### [DESCRIPTION OF THE TASK]
Take the line that contains "This page presents" as the first line and the last line of the material below as the final one; reproduce exactly the lines between, inclusive.

### [SUPPLIED INFORMATION]

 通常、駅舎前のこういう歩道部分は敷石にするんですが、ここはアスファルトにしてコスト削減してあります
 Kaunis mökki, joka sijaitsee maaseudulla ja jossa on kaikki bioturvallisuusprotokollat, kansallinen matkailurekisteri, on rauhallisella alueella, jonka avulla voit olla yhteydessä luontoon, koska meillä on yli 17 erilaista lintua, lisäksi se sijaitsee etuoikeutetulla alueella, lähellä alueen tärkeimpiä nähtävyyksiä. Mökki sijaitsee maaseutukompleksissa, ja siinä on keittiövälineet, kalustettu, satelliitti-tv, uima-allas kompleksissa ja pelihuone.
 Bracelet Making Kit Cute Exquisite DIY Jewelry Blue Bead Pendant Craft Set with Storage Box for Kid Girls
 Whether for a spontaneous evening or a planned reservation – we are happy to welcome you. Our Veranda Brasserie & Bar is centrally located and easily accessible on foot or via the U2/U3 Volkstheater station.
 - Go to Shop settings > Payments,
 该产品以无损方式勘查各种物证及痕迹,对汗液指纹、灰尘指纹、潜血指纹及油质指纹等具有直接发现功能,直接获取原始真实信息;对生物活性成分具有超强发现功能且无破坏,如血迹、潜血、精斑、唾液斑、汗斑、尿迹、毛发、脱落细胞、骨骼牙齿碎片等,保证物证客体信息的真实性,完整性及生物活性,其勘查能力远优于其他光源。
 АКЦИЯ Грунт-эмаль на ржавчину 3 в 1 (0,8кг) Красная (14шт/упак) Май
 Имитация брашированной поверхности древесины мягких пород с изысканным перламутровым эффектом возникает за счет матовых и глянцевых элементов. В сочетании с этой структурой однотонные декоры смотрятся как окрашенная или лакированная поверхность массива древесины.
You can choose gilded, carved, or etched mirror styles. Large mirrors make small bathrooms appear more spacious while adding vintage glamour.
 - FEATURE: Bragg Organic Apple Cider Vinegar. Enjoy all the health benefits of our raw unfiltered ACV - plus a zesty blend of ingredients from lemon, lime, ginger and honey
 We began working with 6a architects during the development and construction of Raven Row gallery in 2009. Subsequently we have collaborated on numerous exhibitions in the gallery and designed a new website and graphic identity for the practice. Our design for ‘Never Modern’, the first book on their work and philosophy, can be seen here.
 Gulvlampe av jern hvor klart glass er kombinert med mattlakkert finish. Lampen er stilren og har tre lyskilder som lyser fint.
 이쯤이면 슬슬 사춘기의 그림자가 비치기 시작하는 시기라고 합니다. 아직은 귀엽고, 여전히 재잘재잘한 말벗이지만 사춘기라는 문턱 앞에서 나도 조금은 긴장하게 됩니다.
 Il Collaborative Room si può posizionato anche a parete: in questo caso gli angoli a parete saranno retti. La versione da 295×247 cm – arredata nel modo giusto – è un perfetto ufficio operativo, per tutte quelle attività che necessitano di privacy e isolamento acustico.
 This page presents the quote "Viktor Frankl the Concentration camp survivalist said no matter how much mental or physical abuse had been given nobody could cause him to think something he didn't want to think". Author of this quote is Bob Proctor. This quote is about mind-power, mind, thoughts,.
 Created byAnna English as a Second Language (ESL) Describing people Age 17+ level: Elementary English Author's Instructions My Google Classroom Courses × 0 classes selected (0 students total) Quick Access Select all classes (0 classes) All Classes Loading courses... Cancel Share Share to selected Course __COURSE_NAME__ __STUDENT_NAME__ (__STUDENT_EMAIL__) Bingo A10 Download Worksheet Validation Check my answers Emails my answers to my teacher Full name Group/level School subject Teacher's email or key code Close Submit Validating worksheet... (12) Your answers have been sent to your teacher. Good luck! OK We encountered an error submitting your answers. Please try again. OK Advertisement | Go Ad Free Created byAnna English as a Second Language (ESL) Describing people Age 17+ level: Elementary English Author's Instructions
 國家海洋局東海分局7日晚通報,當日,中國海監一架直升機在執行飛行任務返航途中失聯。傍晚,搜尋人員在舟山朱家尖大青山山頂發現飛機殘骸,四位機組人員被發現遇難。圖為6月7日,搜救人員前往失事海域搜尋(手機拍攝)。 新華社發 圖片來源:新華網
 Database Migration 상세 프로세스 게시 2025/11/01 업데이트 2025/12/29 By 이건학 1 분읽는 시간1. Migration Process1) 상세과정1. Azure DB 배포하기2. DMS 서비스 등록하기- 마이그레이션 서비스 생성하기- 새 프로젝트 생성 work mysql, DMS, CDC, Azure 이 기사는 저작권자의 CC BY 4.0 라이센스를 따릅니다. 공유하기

### [PROBLEM SOLUTION]
 This page presents the quote "Viktor Frankl the Concentration camp survivalist said no matter how much mental or physical abuse had been given nobody could cause him to think something he didn't want to think". Author of this quote is Bob Proctor. This quote is about mind-power, mind, thoughts,.
 Created byAnna English as a Second Language (ESL) Describing people Age 17+ level: Elementary English Author's Instructions My Google Classroom Courses × 0 classes selected (0 students total) Quick Access Select all classes (0 classes) All Classes Loading courses... Cancel Share Share to selected Course __COURSE_NAME__ __STUDENT_NAME__ (__STUDENT_EMAIL__) Bingo A10 Download Worksheet Validation Check my answers Emails my answers to my teacher Full name Group/level School subject Teacher's email or key code Close Submit Validating worksheet... (12) Your answers have been sent to your teacher. Good luck! OK We encountered an error submitting your answers. Please try again. OK Advertisement | Go Ad Free Created byAnna English as a Second Language (ESL) Describing people Age 17+ level: Elementary English Author's Instructions
 國家海洋局東海分局7日晚通報,當日,中國海監一架直升機在執行飛行任務返航途中失聯。傍晚,搜尋人員在舟山朱家尖大青山山頂發現飛機殘骸,四位機組人員被發現遇難。圖為6月7日,搜救人員前往失事海域搜尋(手機拍攝)。 新華社發 圖片來源:新華網
 Database Migration 상세 프로세스 게시 2025/11/01 업데이트 2025/12/29 By 이건학 1 분읽는 시간1. Migration Process1) 상세과정1. Azure DB 배포하기2. DMS 서비스 등록하기- 마이그레이션 서비스 생성하기- 새 프로젝트 생성 work mysql, DMS, CDC, Azure 이 기사는 저작권자의 CC BY 4.0 라이센스를 따릅니다. 공유하기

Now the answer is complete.